Did you wonder why the Tokenizer in Keras reserve word_index 0? As a beginner in NLP field, I did.
from keras.preprocessing.text import Tokenizernum_words = 3
tk = kpt.Tokenizer(oov_token='UNK', num_words=num_words+1)
texts = ["my name is far faraway asdasd", "my name is","your name is"]
tk.fit_on_texts(texts)
print(tk.word_index)
print(tk.texts_to_sequences(texts))#output
{'your': 7, 'my': 3, 'name': 1, 'far': 4, 'faraway': 5, 'is': 2, 'UNK': 8, 'asdasd': 6}
[[3, 1, 2], [3, 1, 2], [1, 2]]
We can see the Keras assign UNK(UNKONWN) token index as word_count+1
. When I saw some preprocess code with TensorFlow, lots of works set the UNK token index as 0 in vocabulary. Why Keras choose word_count+1
as the index for UNK?
The reason is to distinguish between PAD and UNK. Because if we use pad_sequences
to pad the sentence to a fixed length, the pad value will be set as 0. For example, we take 10 as the sequence length.

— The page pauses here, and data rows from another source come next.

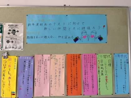 生徒会執行部、各委員会で月間目標を決めました。玄関入って左手に掲示しています。目標と目標達成に向けての具体的方策を確認しましょう。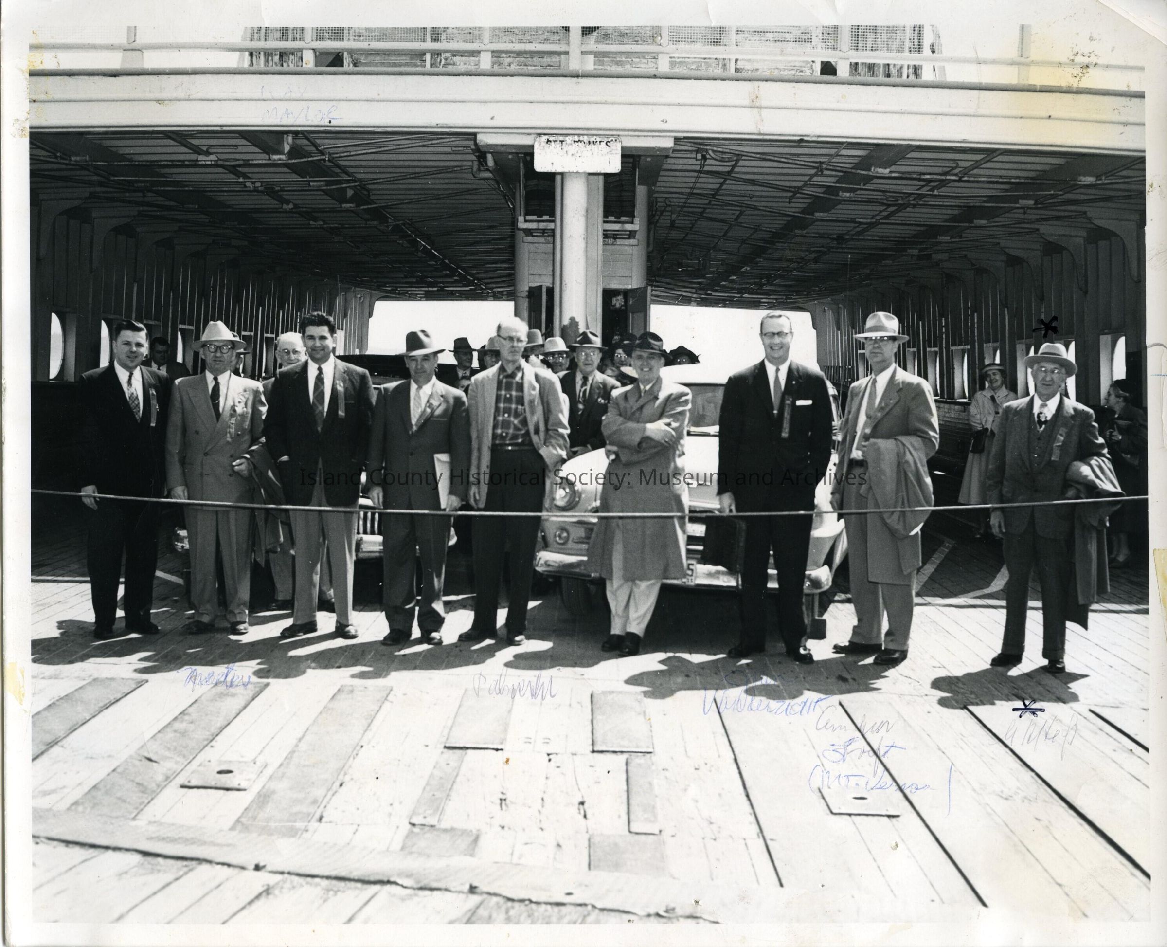 Black and white photo dated 1948 entitled "Keystone Harbor Assn.". Port Townsend Wash. The photo shows a group of men standing in front of cars at the bow of a ferry. One man is leaning back on a car. Wooden flooring. Some names are written under the men but it's difficult to figure out the writing. Mayor George Heap is on teh far right wearing a hat, suit, and holding an overcoat.
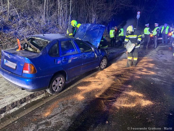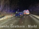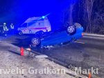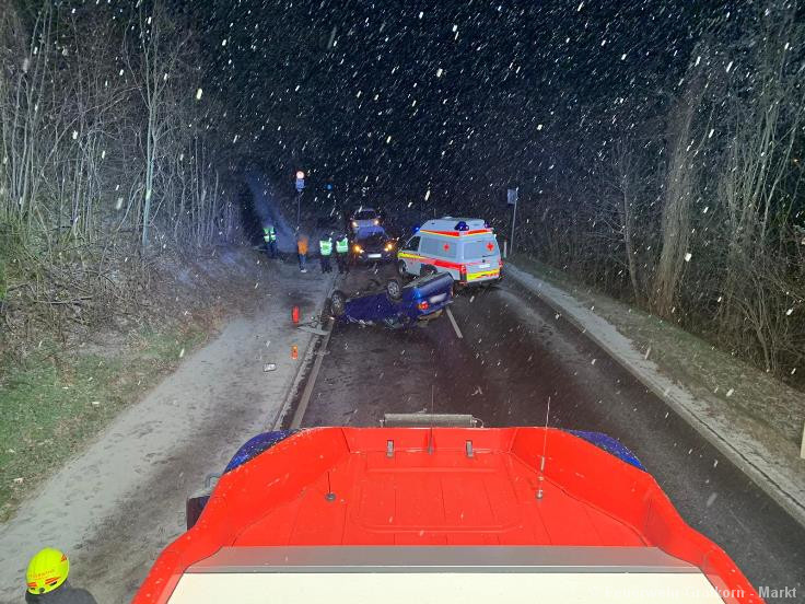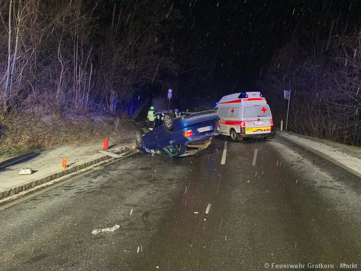 Ein PKW kam vermutlich aufgrund der Witterungsverhältnisse ins Schleudern, überschlug sich und kam anschließend am Dach zum liegen.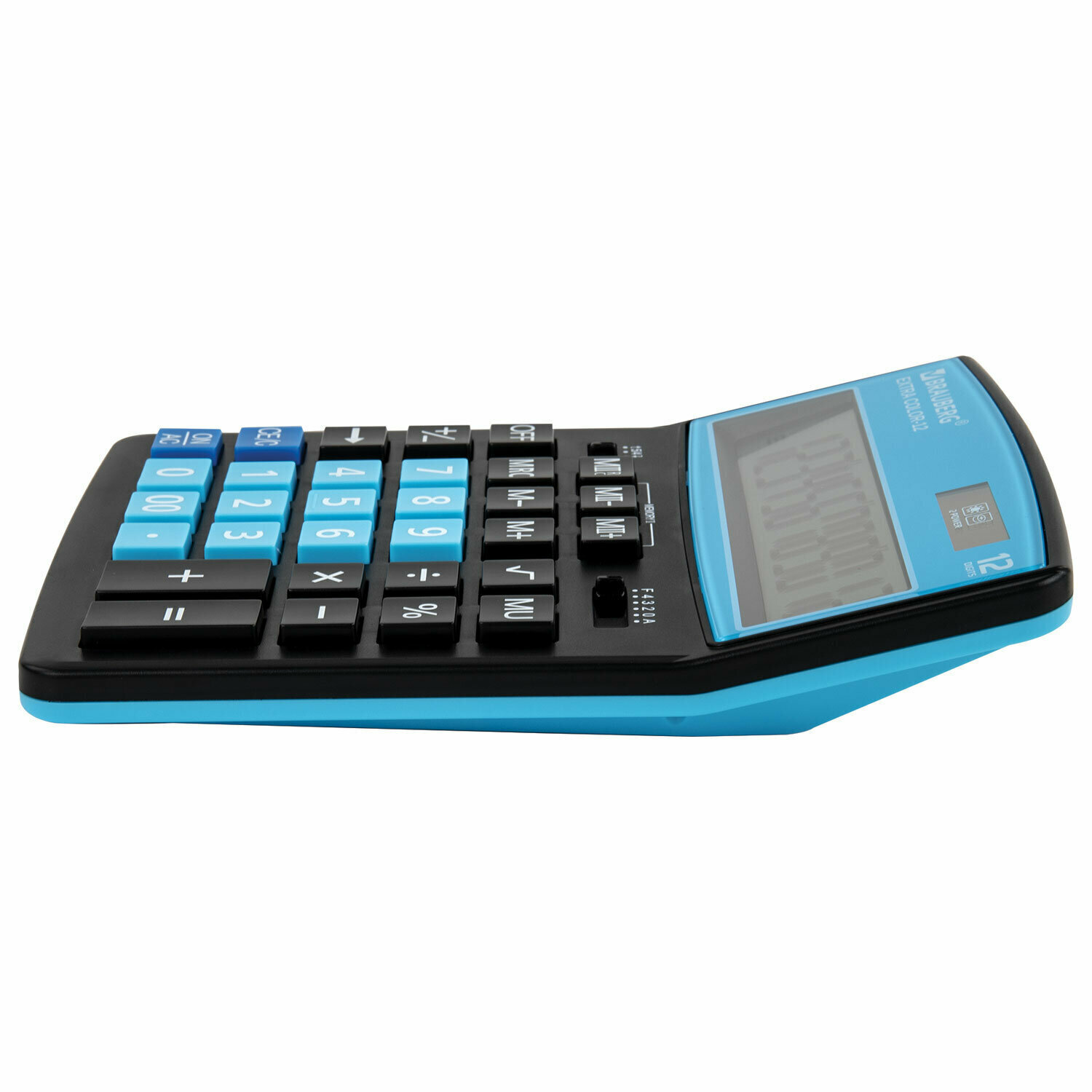 Калькулятор настольный Brauberg Extra Color-12-BKBU, 12 разрядов, двойное питание, черно-голубой (250476)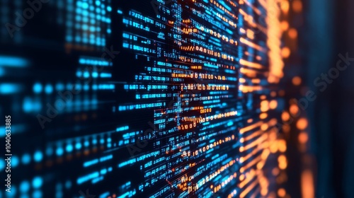 Virtual algorithm analysis, complex data visualizations, holographic screens, tech background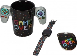 Élvezd a kedvenc italodat egy adag gamer nosztalgiával. Ez a fekete kerámia bögre GAME OVER motívummal különleges dizájnt kínál két, játékvezérlő formájú füllel és színes gombokkal. A vidám megjelenést kényelmes fogás és praktikus méret egészíti ki a mindennapi használathoz.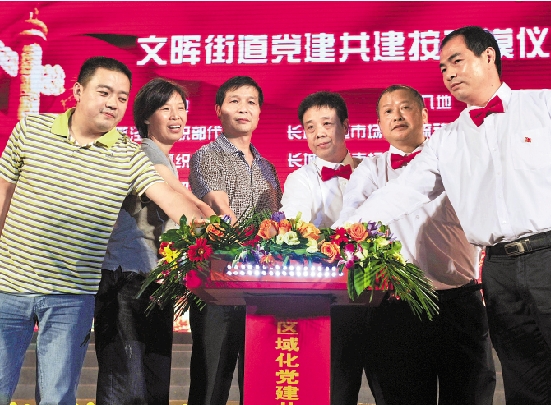 | 党员结对共建 6月23日,来自安徽泾县、温州瑞安市等地的200多名在杭流动党员,以及杭州文晖街道社区党员共800余人,以共建结对、共建共享的方式,共同庆祝党的九十华诞。 本报记者 李震宇 通讯员 梅育生 摄 |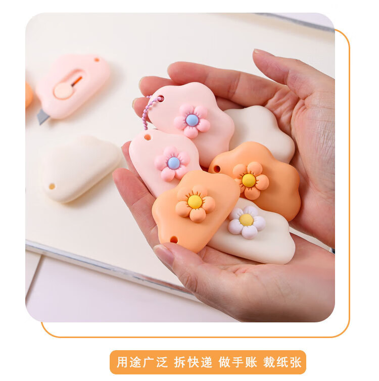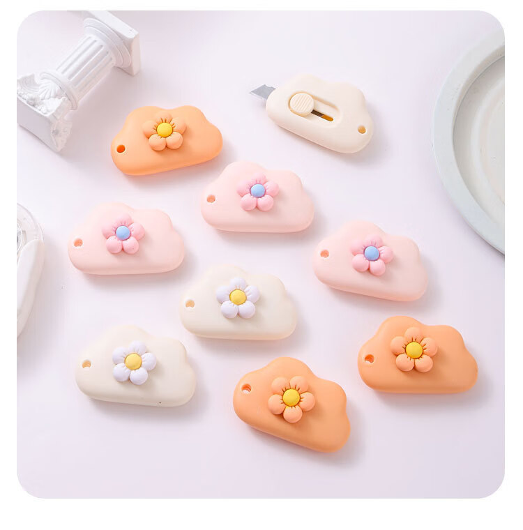 Jewelry Accessories Girly Heart Cloud Utility Knife with Flowers Small Portable Student Express Unpacking and Opening Letters Cloud Utility Knife-Pink with Flowers 1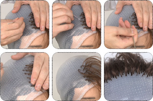 4. Заведите крючок в отверстие перпендикулярно касательно головы (под 900). Выполните круговое движение (без давления!) по коже головы (радиус не превышает 0,7 см). Осторожно вытяните образовавшуюся петлю наружу. Если осталась небольшая петля, аккуратно вытащите ее. Густота прядей должна быть одинакова. Рисунок набора пряди индивидуален (по желанию мастера).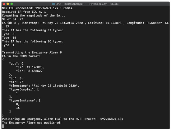 For the experimental EDU, we created a continuous loud noise, raising the detection of 1 instance event every 5 s (). The detection of that event is shown on the LCD display and an Events Report (ER) is transmitted to the EPU—the EPU was executing on an Intel i5 8 GB RAM server. That scenario is demonstrated in Figure 5.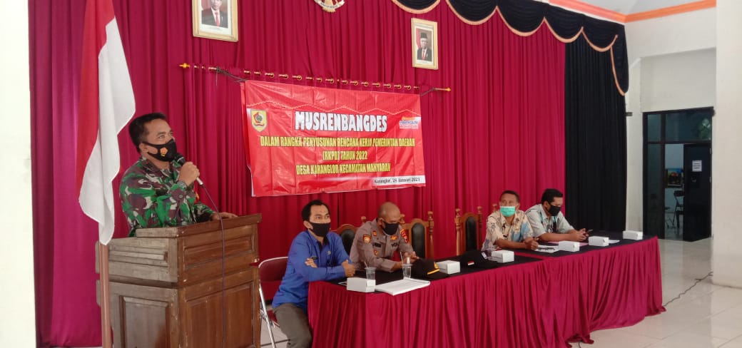 Babinsa Karanglor menginformasikan, kegiatan Musrenbangdes dapat berjalan dengan aman dan menerapkan protokol kesehatan.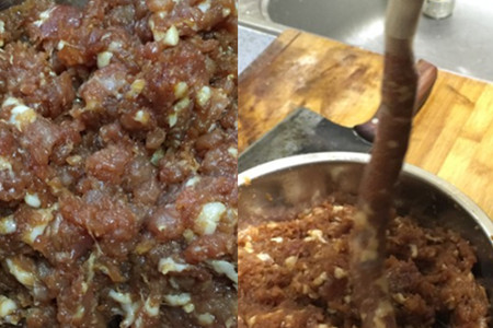 二、准备工作。将猪肉清洗干净晾干水分,切成小块之后用绞肉机绞成肉丁,您可以让超市的工作人员完成上述工作,注意不要将猪肉绞的太烂,会影响口感。事先将肠衣用温水浸泡半个小时备用。您也可以选择购买新鲜的大肠,回来之后刮掉白油,充水清洗之后就可以使用了。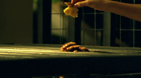 有一场戏中曾勇被关在低矮的笼子里,像狗一样像犯罪分子乞讨食物,曾勇的身心都处在都崩溃的边缘。
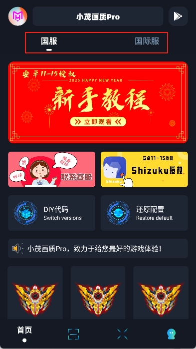 3. 在首页中点击上方的版本可以进行切换,选择所需的画质模式。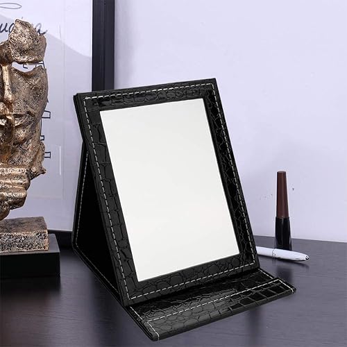 Miroir de Courtoisie Pliant, Miroir de Courtoisie de Bureau, Miroir de Courtoisie Noir Portable, Adapté au Transport de Bagages de Voyage, Bureau, Commode de Chambre

from keras.preprocessing.sequence import pad_sequences
sequences = tk.texts_to_sequences(texts)
print(sequences)
data = pad_sequences(sequences, maxlen=10, padding='post')
print(data)
#output
[[3, 1, 2, 4, 4, 4], [3, 1, 2], [4, 1, 2]]
[[3 1 2 4 4 4 0 0 0 0]
[3 1 2 0 0 0 0 0 0 0]
[4 1 2 0 0 0 0 0 0 0]]
Because the UNK token index is 4 and PAD value is 0, so we can clearly distinguish them.
After all, this is the text preprocess pipline in Keras, if you do the preprocess job by yourself, you are feel free to set any index you like. But if you use Keras to do the preprocess, it is better to follow this convention.